In desperation, the family walked into the San Mateo office of Democratic Rep. Jackie Speier. The office staff took one look at Mirigian and concluded that she was still very much in a condition to keep collecting the pension she was entitled to as a retired clerk at the US Mint on Market Street.

Speier’s staff made some calls. Calls from a congresswoman’s aide, unlike calls from a congresswoman’s constituent, tend to get things straightened out lickety split. The pension was restored this week and the past-due benefits were paid. That’s a good thing, Mirigian said, because her family has booked a vacation in Calistoga next month and the hotel isn’t free.

Mirigian retired from her job at the Mint about 60 years ago and says she doesn’t remember exactly what she did there.

“I did what the person in charge told me to do,” she said. “That’s what you do when you work in an office.”

In any event, she said, proving you’re alive is inconvenient. Ten years ago, she related, the Social Security folks sent someone to her home to make sure she was still entitled to her monthly check. The visitor was a nice lady and stayed for coffee.

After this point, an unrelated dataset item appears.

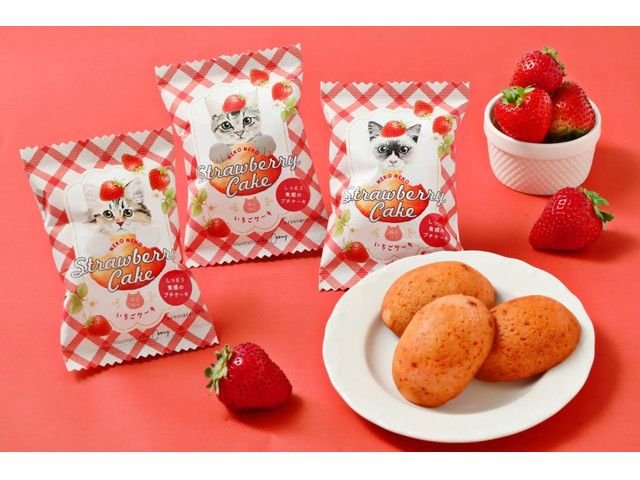 いちごの甘酸っぱさと甘い香りが広がる、新作のいちごケーキです。いちごジャムを使用し、ふんわりしっとりな食感に焼き上げました。パッケージは、猫専門イラストレーター Coony(クーニー)さんが描いた、あどけなさが残る“こねこ”をデザインしました。3種類でご用意しておりますので、家ねこちゃんに似ている子やお好きなデザインでチョイスしてくださいね。ねこ好きさんはもちろん、いちご好きの方へのギフトにもぴったりな焼き菓子です。

It’s one thing when the feds assume you’re alive, and they come by for coffee just to make sure. It’s another thing when the feds assume you’re dead, and then leave it up to you to disabuse them of the notion.

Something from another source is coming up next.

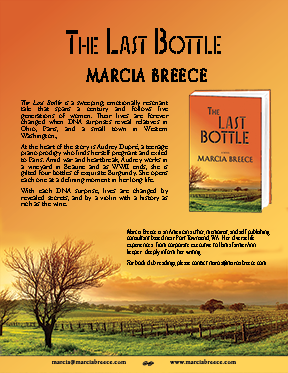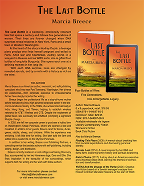Set in the USA and France from 1923 to 2023, Last Bottle of Burgundy follows three uniquely talented women, their lovers, husbands and progeny. With food and music as significant as the characters, Last Bottle of Burgundy is a story of DNA results that shatter family legends, launch sibling antipathy, and reveal the legacy that brings generations together.

But, she said, the trip to Speier’s office did get her out of the house.

“My whole life, I’ve never sat still,” she said. “You see old ladies sitting on a bench, waiting to die. Not me.”

As a 4-year-old, Mirigian left her home in Armenia on the back of a donkey in 1910. She crossed the Atlantic on a boat, made her way to Fresno and attended Fresno State University. In San Francisco, she raised a family, taught Sunday school, served as a PTA president and had a second career making elegant, elaborate sculptures from beads and wire. Her husband of 40 years, Ashod, died in 1998.

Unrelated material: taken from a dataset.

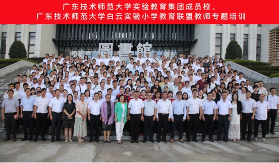 广东技术师范大学党委副书记、校长戴青云,江高镇教育指导中心主任黄晓波,广东技术师范大学各职能部门领导、广东技术师范大学实验教育集团成员校校长以及广东技术师范大学白云实验小学教育联盟全体教职工共270人参加本次培训。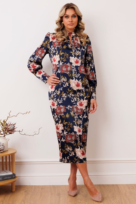 Нарядное платье из атласа - воплощение элегантности и роскоши. Полуприлегающий силуэт искусно подчеркивает изгибы фигуры. Изящный воротник-стойка добавляет строгости. От него ниспадает декоративная сборка и фигурный вырез. Рукав полуреглан с удлиненной линией плеча и сборкой по окату. Широкая манжета придает образу завершенность и усиливает акцент на деталях. Молния и высокий разрез в среднем шве. На стойке сзади застежка на две навесные петли и пуговицы. Платье идеально для вечернего выхода, свадьбы или коктейля.

Being old is plenty interesting, the family says. The three of them like to take ocean cruises, and it’s hard to prove your identity aboard ship, too. Some years ago, at the age of 101, Mirigian entered her stateroom and found a crib. The cruise line computer, it turned out, had dropped two digits and assumed she was 1. On the next cruise, a cocktail waitress asked to check her ID, because her computer said that Mirigian was a newborn, too.

Aboard ship, Mirigian said, she was able to prove she was older than 1 without a congresswoman’s help. Life at sea is easy compared to life ashore. She’s taken 43 cruises, she said, and has only been carded that one time.

“I like ships and I like to go places,” she said. “It’s a big world.”

Lindsay Haake, a spokeswoman for the Office of Personnel Management, the agency that administers government pensions for civilian employees, said the agency could not comment on Mirigian’s case due to privacy rules. Asked whether Mirigian had been asked to prove she wasn’t dead, Haake said she couldn’t say.

According to the OPM website, the survivor of a benefit recipient is “required to notify OPM in the event of death” but it doesn’t say anything about Mirigian herself being required to notify the OPM in the event of her non-death.

Speier said the OPM “probably should have made a phone call” to Mirigian’s house before cutting her off.

“People are living a lot longer now,” she said. “But there’s a lot of fraud going on, and you want (the OPM) to do their due diligence, too.”

Mirigian seemed to have already put her dustup with the feds behind her. She said she was looking forward to her next puzzle, her next trip and her next pension check. Her only concession to her advancing years, she said, was to switch not long ago from 500-piece jigsaw puzzles to 60-piece puzzles.

“I’ve had a very exciting life,” she said with a big smile, “and it’s not over.”